病房里沒有點燈,光線昏暗,他看不清楚躺在病床上那人的長相,但這里是丘子文的病房,住在這里的,除了丘子文還能有誰?
他眼中殺機頓現,握在手里的匕首也慢慢抬了起來,對準病床上那人的胸口,運足了力氣,一刀狠狠刺了下去。
可就在他落刀的瞬間,病床上的那人猛然睜開了眼睛。
雖說病房里很暗,但那人在睜開眼睛的瞬間,出刀的那人還是看到了兩道電光乍現。他意識到不好,但是這一刀他已經刺出去了,再想收回來,已然沒有可能。
就在匕首的鋒芒馬上要刺到對方的胸口之時,病床上的那人突然探出雙手,于千鈞一發之刻將對方持刀的手腕架住,讓匕首無法再往下刺出分毫。
匕首的刀尖就懸停在那人胸口上方不到三寸的地方。
還沒等殺手做出應變,病床上的那人已踢腿一腳,腳尖正點在殺手的頭側。
嘭的一聲,殺手站立不足,向旁踉蹌了兩步,身子重重撞在墻壁上。病床上的人也隨之一躍而起,從病床上直接蹦到地上,順帶著,將身子的那些管子一并扯掉。

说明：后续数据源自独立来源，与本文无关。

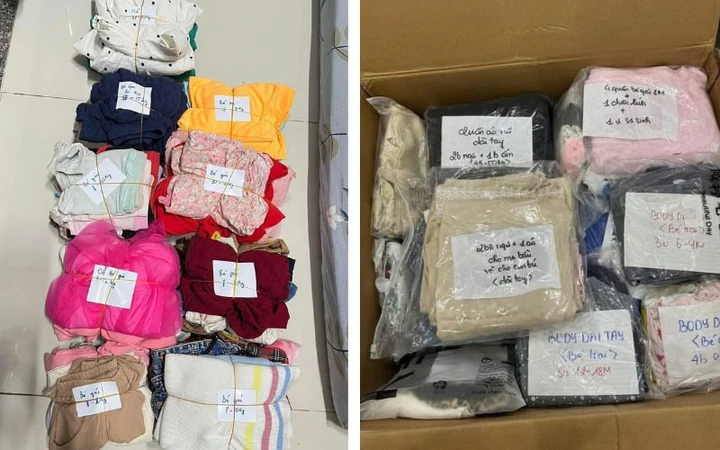 Ở nhiều tỉnh thành, quần áo quyên góp được phân loại cẩn thận, ghi rõ giới tính, độ tuổi, cân nặng, để ai nhận là dùng được ngay. Những tờ giấy note nhỏ, những chiếc túi được xếp gọn gàng chính là minh chứng cho sự chu đáo và thương yêu từ những trái tim hướng về miền Trung trong những ngày này.
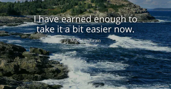 Indurain, Miguel. (2026, January 16). I have earned enough to take it a bit easier now. FixQuotes. https://fixquotes.com/quotes/i-have-earned-enough-to-take-it-a-bit-easier-now-135740/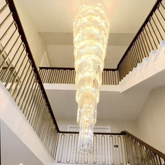 This large ceiling light length chandelier is made of high quality crystal and stainless steel. Multi-faceted cut crystals have surface of the cutting edges and corners, bright and dazzling. Simple design with exquisite structure are in sound harmony with any large space. This light decorates duplexes, two-story, large houses staircase,big foyer,hallway ,entryway.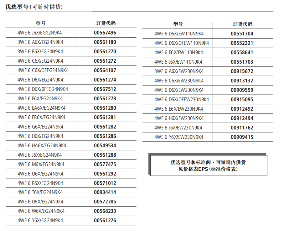 电磁阀:4WE6、4WE10、4WE16;电液阀:4WEH10H、4WEH16、4WEH25,
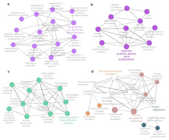 Main clusters of overrepresented biological pathways and terms from KEGG and Reactome knowledgebases. A total of 56 groups were identified with ClueGO Cytoscape plug-in from 152 enriched terms. Four out of the 56 groups are visualized. These correspond to clusters with 10 or more components. For each group, the most significant term is highlighted. (a) Regulation of dendrite development. (b) Internal protein amino acid acetylation. (c) Sphingomyelin biosynthetic process. (d) Microtubule-based transport, axon cytoplasm and vesicle cytoskeletal trafficking. Circle size is inversely proportional to obtained adjusted p-value.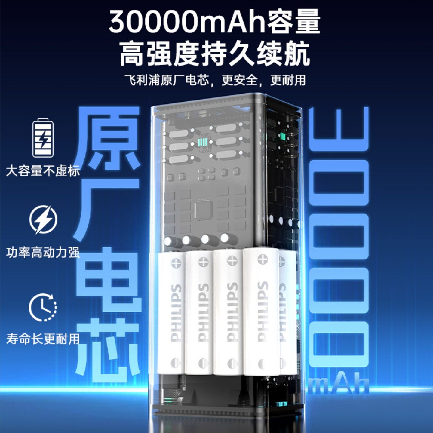 【国家3C认证】飞利浦户外移动电源100W(瓦)大功率大容量家用电器数码设备220V插座接口露营电源充电宝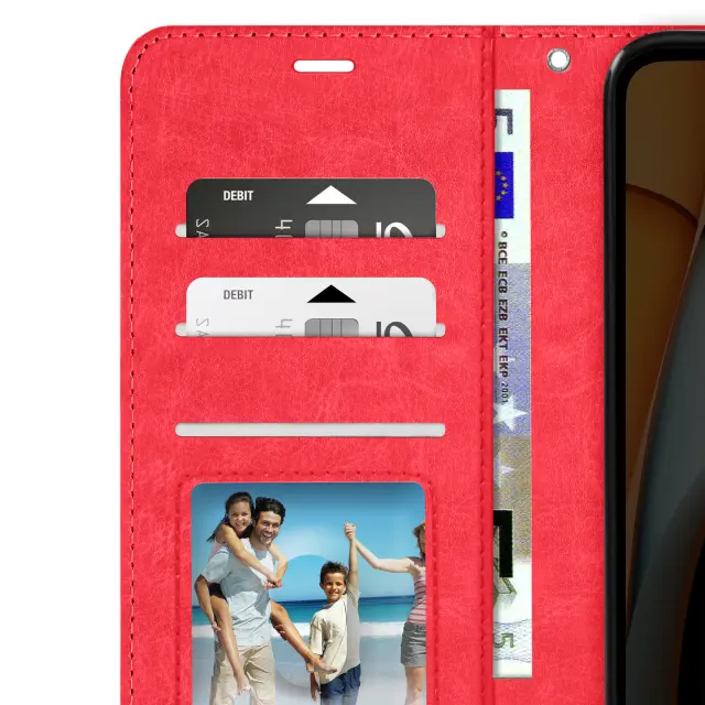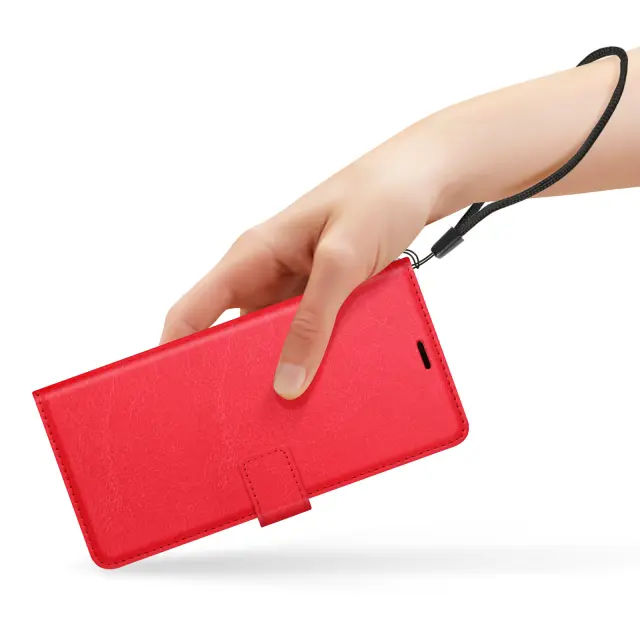 Rdeče ohišje Mayaxess za učinkovito in popolno zaščito vaše [ime naprave].. Prevlečen z imitacijo usnja, ki zagotavlja odličen učinek za uspešno preobrazbo telefona. Zavihek z magnetnim jezičkom, ki ga ohranja zaprtega in preprečuje nenamerno odpiranje. Vgrajen prostor za shranjevanje kartic, da jih imate vedno pri roki.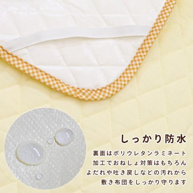 表側は吸湿性・保温性に優れた綿100%ダブルガーゼを使用したふかふかキルト、裏側は防水仕様。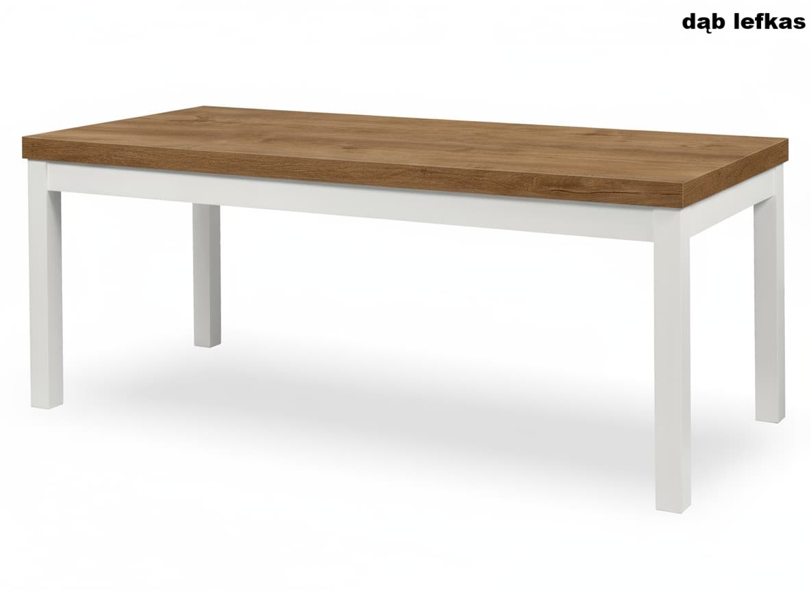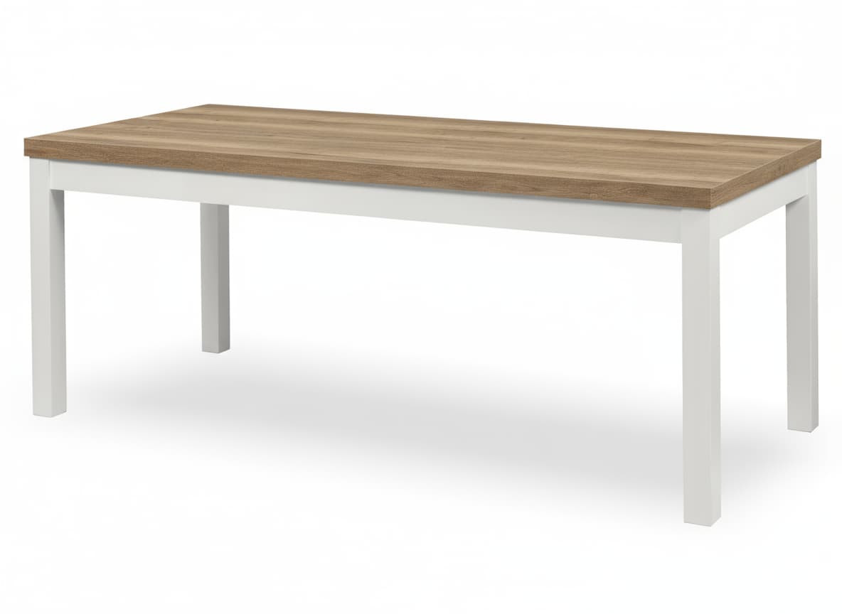 Blat wykonany jest z wysokiej jakości płyty laminowanej o grubości 36 mm, odpornej na zarysowania, wilgoć i wysokie temperatury. Zabezpieczony okleiną ABS, zachowuje swój elegancki wygląd przez wiele lat użytkowania. Nogi z litego drewna bukowego, malowane ekologicznymi bejcami, gwarantują wyjątkową stabilność i podkreślają loftowy charakter stołu.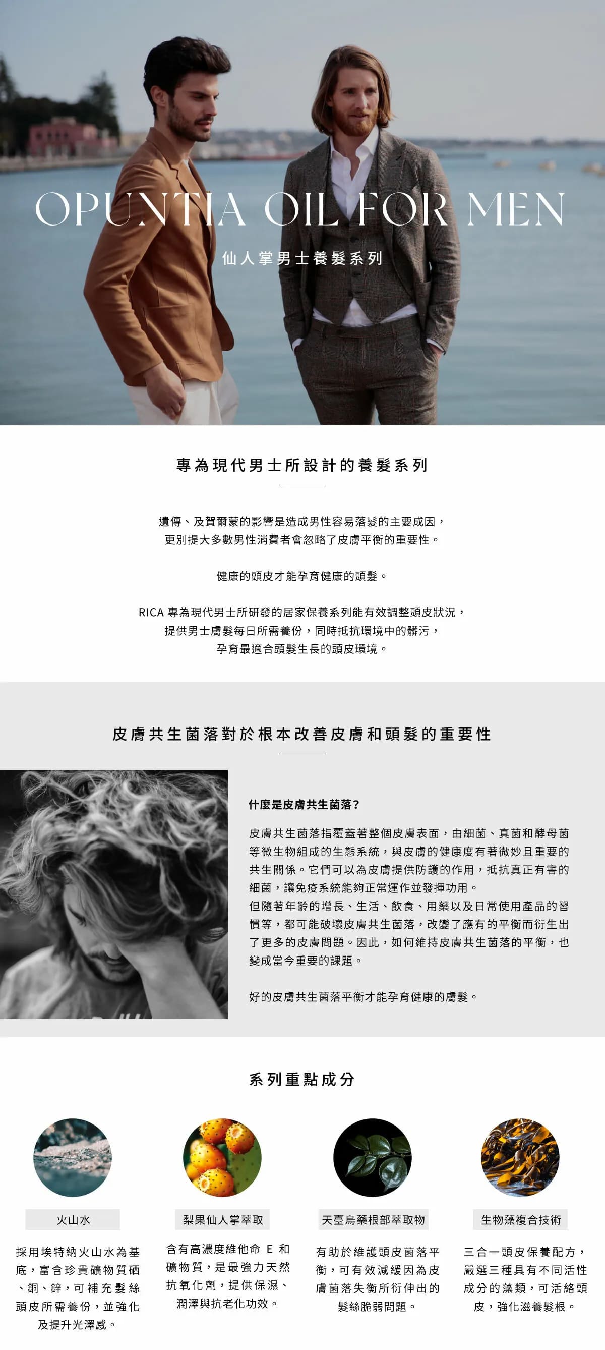 RICA 專為現代男士所研發的居家保養系列能有效調整頭皮狀況,提供男士膚髮每日所需養份,同時抵抗環境中的髒污,孕育最適合頭髮生長的頭皮環境。

看他那副生龍活虎的樣子,又哪里像是身受重傷?殺手下意識地驚呼道:“你不是丘子文?”
那人嘴角揚起,冷冷一笑,一字一頓地說道:“洪十八!”
說話之間,他向前近身,一拳直接殺手的面門。后者急忙向下低身,哪成想,對方的直拳只是虛招,后面的實招是拳鋒居高臨下的一錘。